駿河屋さんにはもうだいぶ前からお世話になっておりますけど、届かなかったり、一方的にキャンセルされたりしたことは一度もないので、待っていればいずれは来るという感じですかね。その点では信頼できると思います。
ただ、ほぼ毎日「タイムセール」のメールが来るのがなぁ。さっさと発送しろと言いたくなるのが人情ってもんでしょう。w

愛が必要。
さて本題の「黄色魔術オリエンタルガール」。最終話の掲載されている「COMICパピポ 1994年5月号」が手に入ったことで、ついに20数年を経て結末を知ることができたわけですけど・・・え?そういうオチ?という感じ。w

順を追って説明しましょう。w
無駄に長い上に、なにか役にたつとか、教養が深まるとか、そういうことは一切ありませんので、興味がない人はここから先を読む必要はないと思います。(汗
いやまあ、わたくしの「ヨコハマ買い出し紀行」の考察で得たノウハウと能力を無駄につぎ込んで20数年前のどうということはない、作者ですら成功したとは言い難いというスーパーマイナーなエロマンガを解説・考察するとどうなるのかという顛末を見るのも一興かも。w

とりあえず単行本での話の流れはこちら。このざっくりとしたあらすじに書いたことがかなりの部分で伏線になっております。もちろん、わたくしは知らずにあらすじを書いたわけですけど、それが思いっきり伏線になっています。
例えば一番最初に登場する雑魚キャラ、これが雑魚とも言い切れないと申し上げましたけど、話が進むにつれて最強の敵となって立ちはだかるという。1994年1月号と3月号が抜けているので、話が繋がらなくて詳しい経過はわからないのですけれども、最終話ではレズビオナンの首領のレズビオナから首領の座を奪っている。
また、相手を殺さないのが不思議なんですけど、その理由も(正当かどうかは別として)明らかになる。

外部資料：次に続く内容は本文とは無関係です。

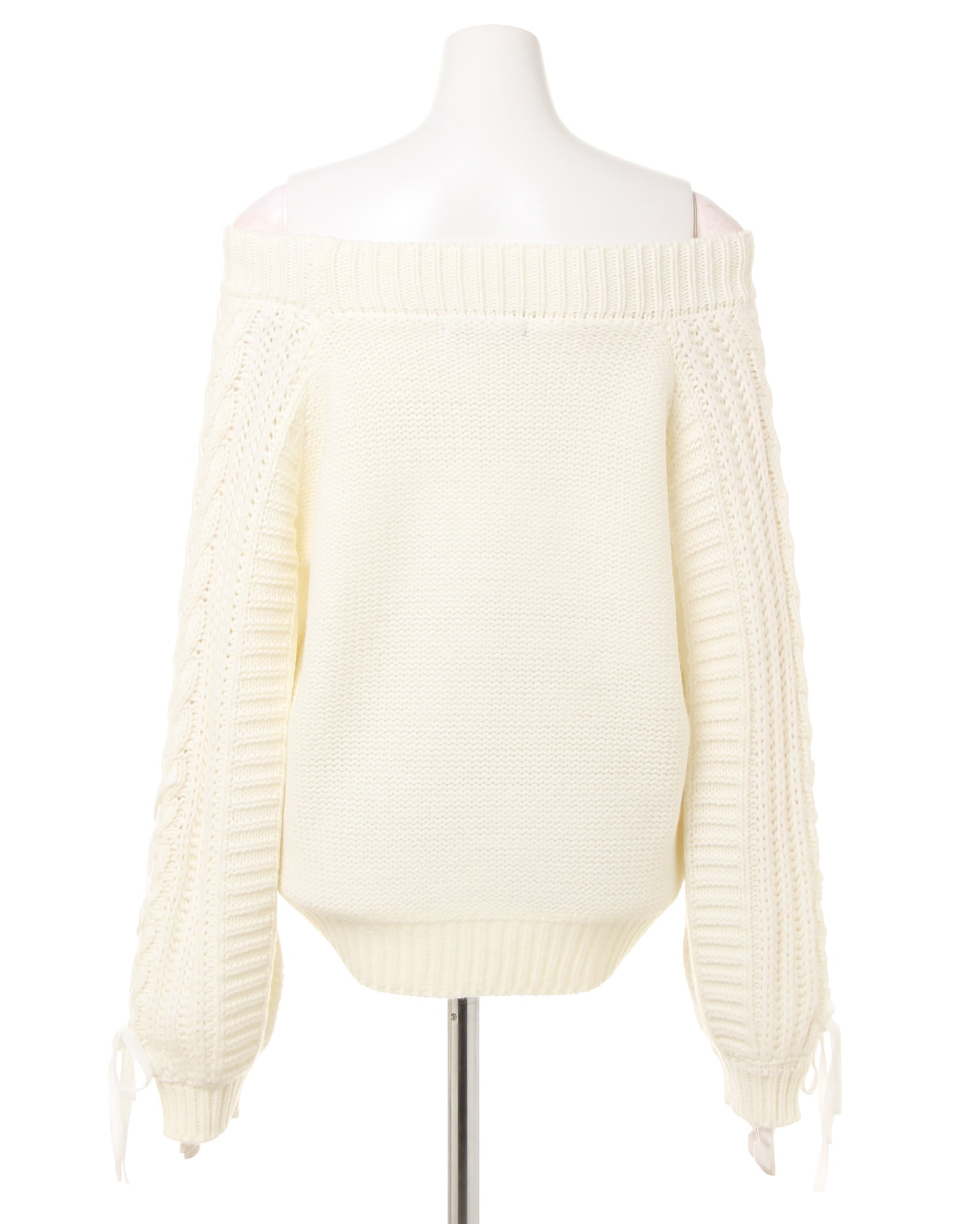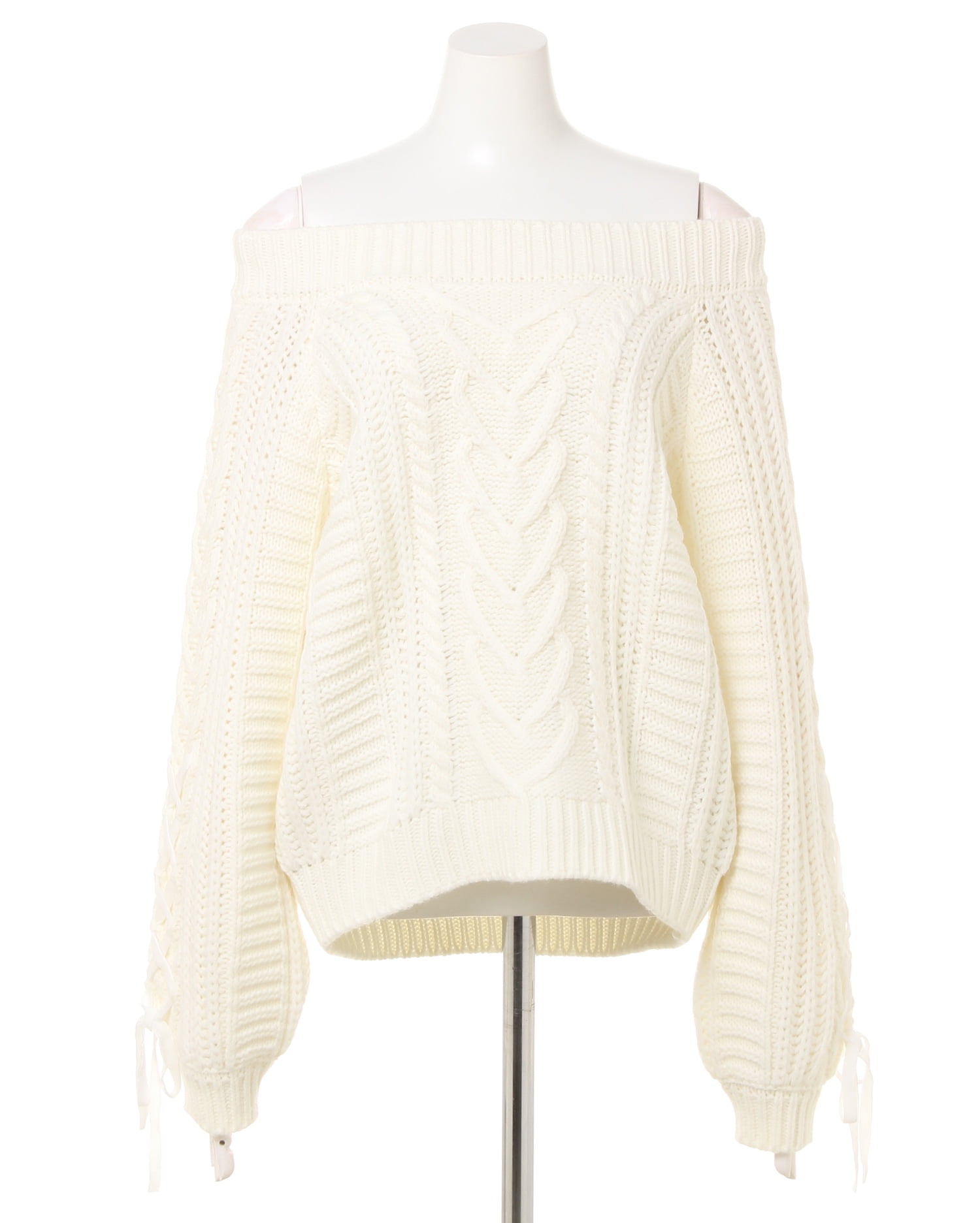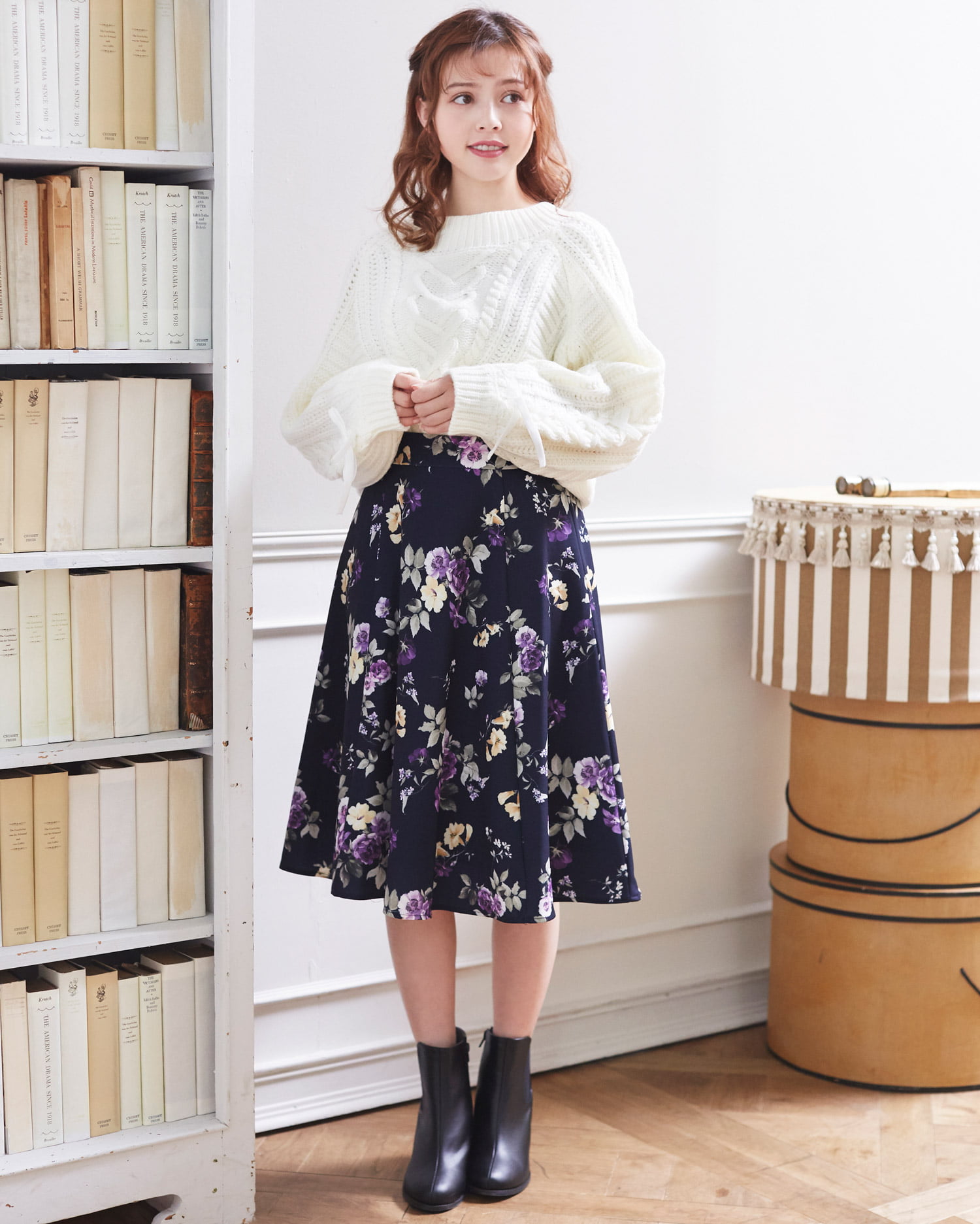 ベロアレースアップ袖オフショルニットと花柄ミディスカートのSET☆

あらすじに書きましたとおり、「オリエンタルガール」を作り出したのはレズビオナン帝国に属するレイ=バッハ博士で、その「オリエンタルガール」がレズビオナの配下のアクトレスと戦うのはなぜか。当然ながら「オリエンタルガール」をレイ=バッハ博士が調整しているのはレズビオナを始めとするレズビオナン帝国の首脳部には秘密にされております。そして「COMICパピポ」1993年9月号の時点で、それがバレかかっている。
雑魚キャラ(名をフローリアンという)が、話の最初で「オリエンタルガール」に一蹴されて、レイ=バッハ博士のところで「調整」というか治療されているうちに、「オリエンタルガール」に妹を再起不能にされたレズビオナン最強のアクトレス「クイン」と「オリエンタルガール」が戦って、「クイン」が気合いでスペックの差をヒックリ返して「オリエンタルガール」を破る。が、この話の主役の少女、最初に「オリエンタルガール」に助けられた少女(優という)が「オリエンタルガール」の落とした変身用のカードで「オリエンタルガール2号」みたいになって「クイン」を破るけれども、自分も力の制御ができずに倒れて、結局「オリエンタルガール」も「クイン」も「優」もダウンして終了。捕らえられた「オリエンタルガール」はレズビオナの寝室で正体をはかせるために陵辱されてメロメロになりながらまだ抵抗し続ける、というところがが単行本に描かれている「黄色魔術オリエンタルガール」のストーリーです。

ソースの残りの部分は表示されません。